Der Sozialwissenschafter Gehmacher ist der Überzeugung, daß wir uns in einer Übergangsperiode befinden. Dem zugrunde liegt eine Drei-Phasen-Theorie. Jede Gesellschaft macht geschichtliche Entwicklungen durch. Oft sehen diese aus wie folgt.

In Phase eins geht es darum, die wichtigsten Grundbedürfnisse zu decken und Not und Schmerzen zu lindern. In der Phase zwei wird es, mit steigendem Wohlstand und längerem Leben, immer wichtiger, glücklich und gesund zu leben, und weniger, Leid zu vermeiden, das ja nur mehr vermindert vorhanden ist. Beruf, Partnerwahl, Freizeit, Bildung, positives Leben, Lebensqualität werden wichtiger. In der Phase drei: suchen die Menschen nach ihrem Glück. Wohin uns das führen wird? Keine Ahnung, meint Gehmacher. Wir stecken mitten drin im Prozeß zwischen Phase zwei und drei.

Heute, so meint Gehmacher, können wir sogar einen scheinbar paradoxen Satz prägen: Gesund sein kann man sogar mit einer Krankheit. Gesundheit ist, wenn man nicht den nur scheinbar weiten und tatsächlich furchtbar engen WHO-Begriff nimmt ("Freisein von Leiden..."). Gesundheit ist auch: Belastungen, die uns gefährden, rechtzeitig spüren.

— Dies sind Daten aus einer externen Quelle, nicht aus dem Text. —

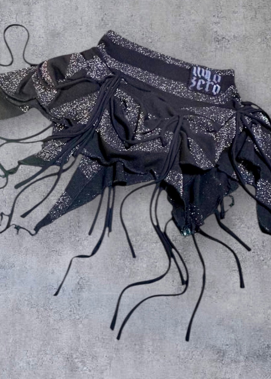 DARIA - *Ready to Ship* Black & Silver Lurex Hitch Hanky Skirt UK 6/US 2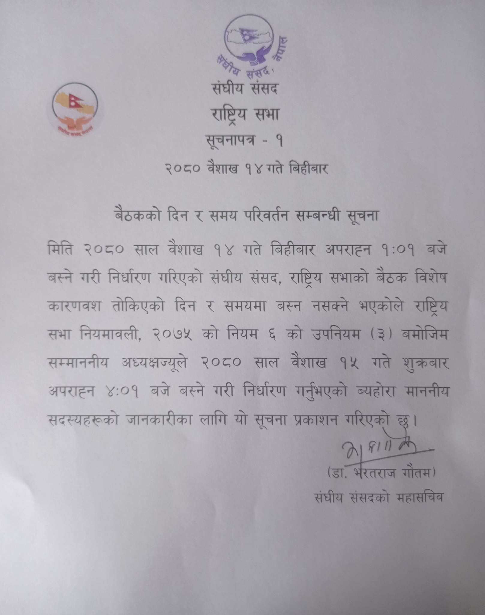 आज बस्ने गरी निर्धारण गरिएको बैठक विशेष कारणवश तोकिएको दिन र समयमा बस्न नसक्ने भएकाले राष्ट्रियसभा नियमावली, २०७५ को नियम (६) उपनियम (३) बमोजिम अध्यक्ष गणेशप्रसाद तिमिस्सिनाले शुक्रबार बस्ने गरी निर्धारण गरेको सङ्घीय संसद्का महासचिव डा भरतराज गौतमले जानकारी दिए।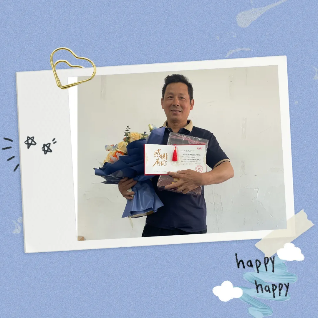 光榮退休啦生管部-錢(qián)洪進(jìn)歲月如歌情懷依舊一束鮮花一份紀(jì)念品一場(chǎng)榮退儀式分享點(diǎn)滴共話美好“歲月如歌彈指過(guò),光陰似水不再來(lái)?!被叵雱偨佑|老錢(qián)的那年,他獲得了“十年優(yōu)秀員工獎(jiǎng)”,臉上洋溢著歡樂(lè),這不僅是他個(gè)...
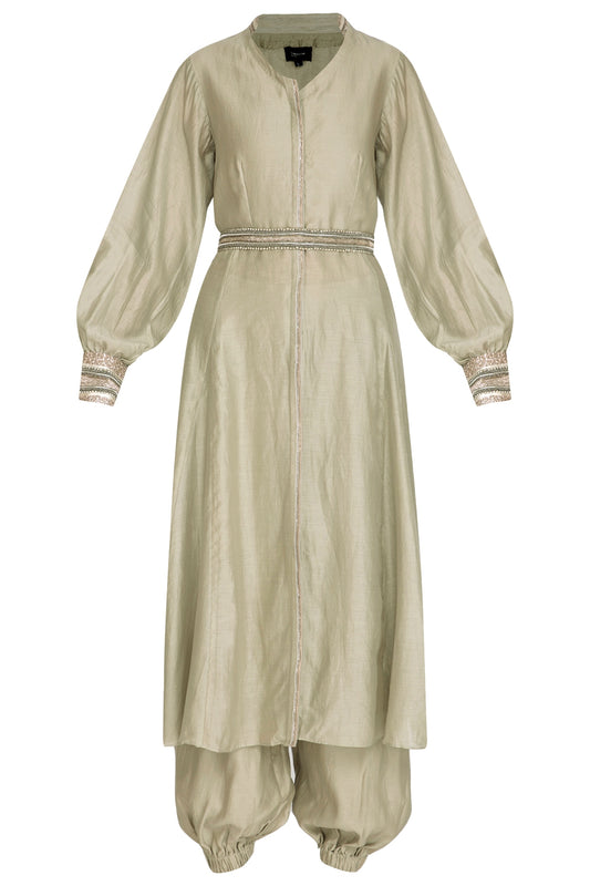 Sage Green Embroidered Jacket With Crop Top, Jumper Pants & Belt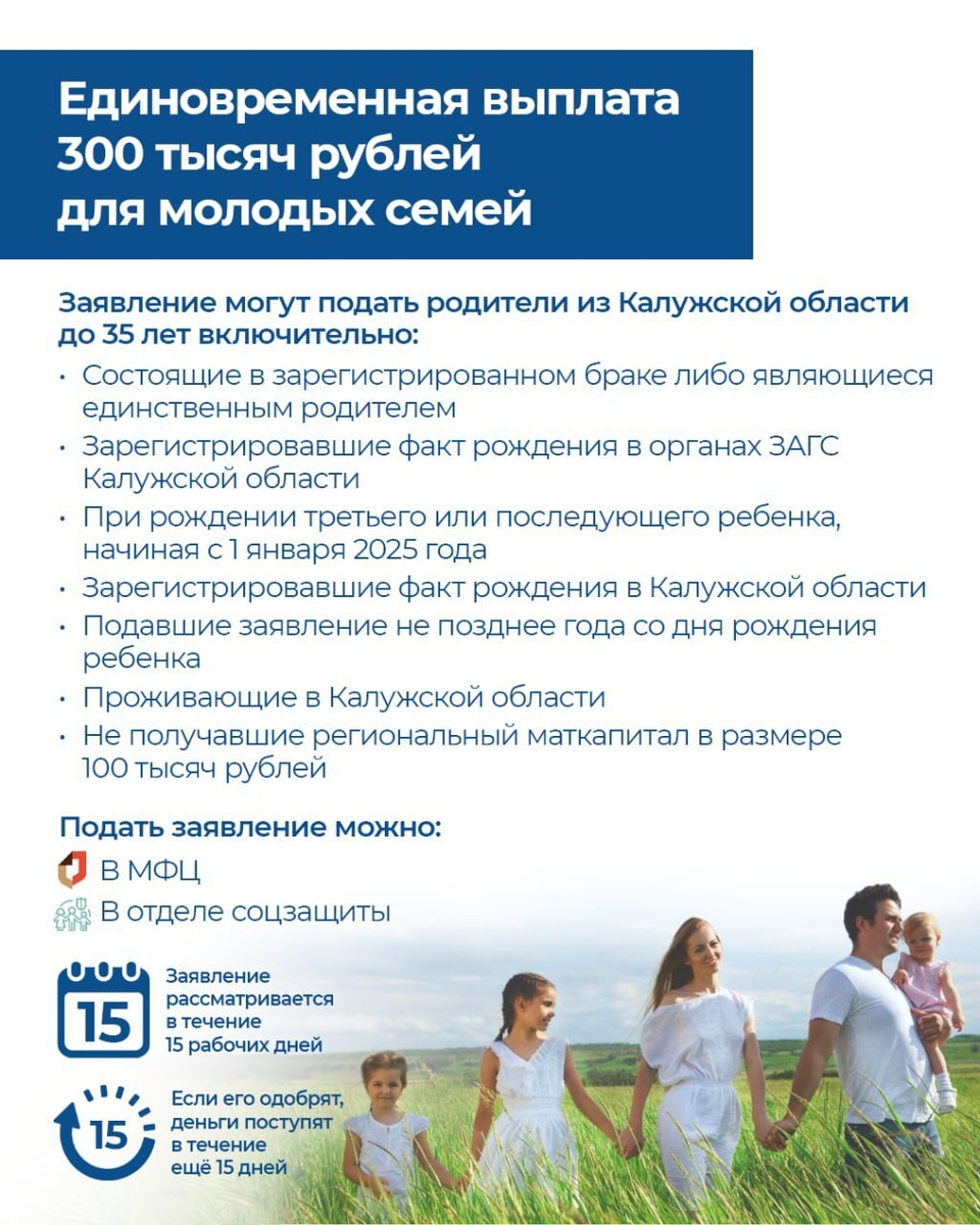 Как молодой семье получить 300 тысяч рублей? В Калужской области уделяется особое внимание поддержке молодых семей, особенно многодетных. На протяжении 5 лет регион лидирует в ЦФО по рождаемости третьих и последующих детей, что обусловлено, в частности, развитой системой социальной поддержки. С этого года введены новые меры, направленные на улучшение жизни молодых родителей. Теперь семьи, где обоим супругам - до 35 лет включительно, при рождении третьего и последующего ребенка могут рассчитывать на единовременную выплату в размере 300 тысяч рублей. При этом необходимо состоять в зарегистрированном браке или быть единственным родителем. По данным Министерства труда, уже 194 семьи подали заявки на получение этой поддержки. Об условиях получения выплаты читайте в карточке.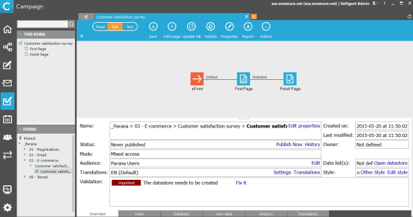 1. Select 'Form' from the main menu on the left. Select a folder and create a new survey "Customer satisfaction survey". Set the audience to "Mixed" and select your test audience list.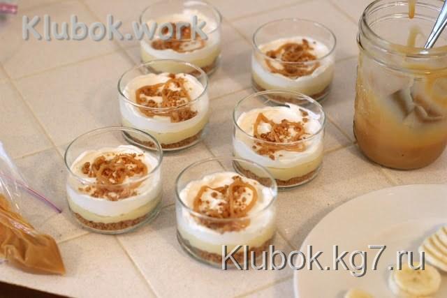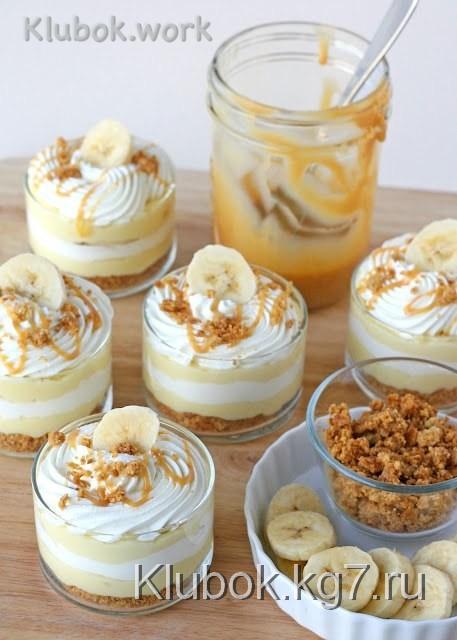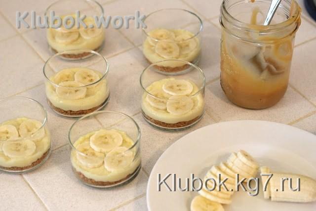 Ингредиенты:Банан – 2 штКарамельный соусВзбитые сливкиДля крема:Сахар – 2/3 стаканаКрахмал –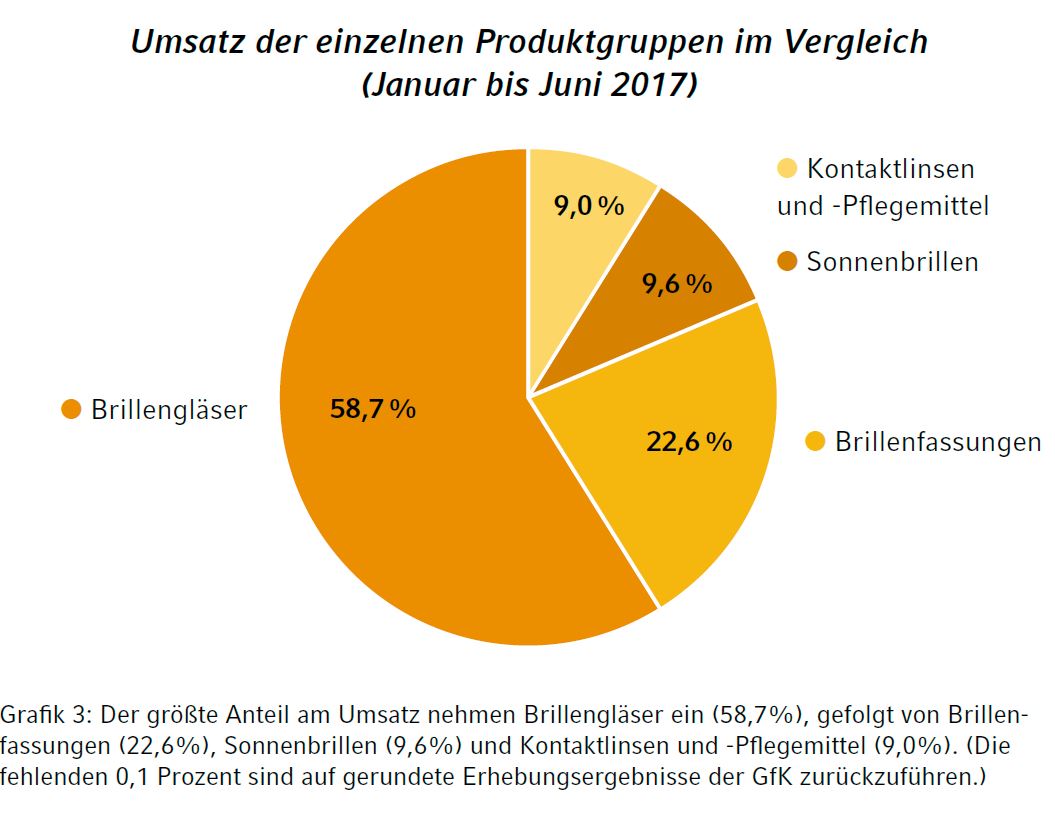 Der Brillengläsermarkt war auch 2017 das mit Abstand größte Segment der Augenoptik und erwirtschaftete 58,7 Prozent des Marktwerts der EU4-Zone. Er sank leicht um minus 1,1 Prozent. Der Rückgang bei den Brillengläsern wurde teilweise durch den leichten Anstieg der Brillenfassungen (+1,2) ausgeglichen, der 22,6 Prozent des Umsatzes ausmachte. Sonnenbrillen repräsentierten einen Wert von 9,6 Prozent des Marktwerts und waren damit leicht rückläufig (-1,1). Schließlich nahm das Segment Kontaktlinsen und Pflegemittel neun Prozent des Marktes ein und stieg um 1,4 Prozent an.

Hin und wieder braucht jeder Mensch solche Signale, die von vielen als Alarmsignale gedeutet werden. Denn: "Jemand, der nie krank ist, ist nicht gesund." Solch ein Mensch müßte andere meiden (Ansteckungsgefahr) und würde an neurotischer Angst leiden.

Stattdessen sollten wir Viren und Bakterien als Bestandteile des Lebens verstehen. Gehmacher: "Unsere Gesellschaft bietet vieles an, um gesund sein zu können. Je reicher die Gesellschaft, desto mehr hat sie zu bieten. Je intelligenter sie ist, umso besser werden die Angebote sein. Unsere Gesellschaft ist reich, aber dumm. Viele vormoderne Kulturen haben darüber mehr gewußt als wir: gesundes Leben, Essen, Bewegung ..." Die moderne Zivilisation hingegen ist kaum noch imstande, auf die körpereigenen oder geistigen Alarmsignale zu horchen. Je "tauber" sie wird, desto lauter müssen die Signale werden.

Das Krankenwesen kann als solch ein Signal gesehen werden: Es ist sehr teuer, bietet aber nicht mehr sehr viel zusätzlichen Nutzen. Man nennt das "abnehmender Grenznutzen". Je mehr investiert wird, desto geringer ist der Nutzen, bis hin zur offenen Verschwendung wie in manchen Bereichen der Krankenhausmedizin.